● Directions:
Give back an exact copy of the listing that follows, without the pictures.

====== Recorded information

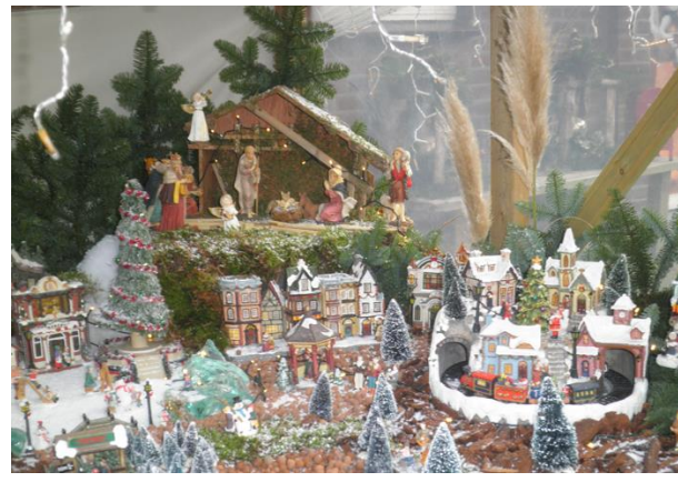
Kribke nr. 46
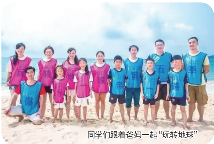
同学们跟着爸妈一起“玩转地球”

“安全”课程;二年级引进“根与芽”课程;三年级由学校组织开发“小学生职业启蒙教育”课程;四年级开发了“有趣的旗帜”等,均借助家校共育平台打造,满足学生的个性化需求。
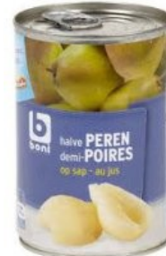
007-0202-006 Boni Halve Peren € 2,20 441 Gram

============

● Reply:
Kribke nr. 46
同学们跟着爸妈一起“玩转地球”

“安全”课程;二年级引进“根与芽”课程;三年级由学校组织开发“小学生职业启蒙教育”课程;四年级开发了“有趣的旗帜”等,均借助家校共育平台打造,满足学生的个性化需求。
007-0202-006 Boni Halve Peren € 2,20 441 Gram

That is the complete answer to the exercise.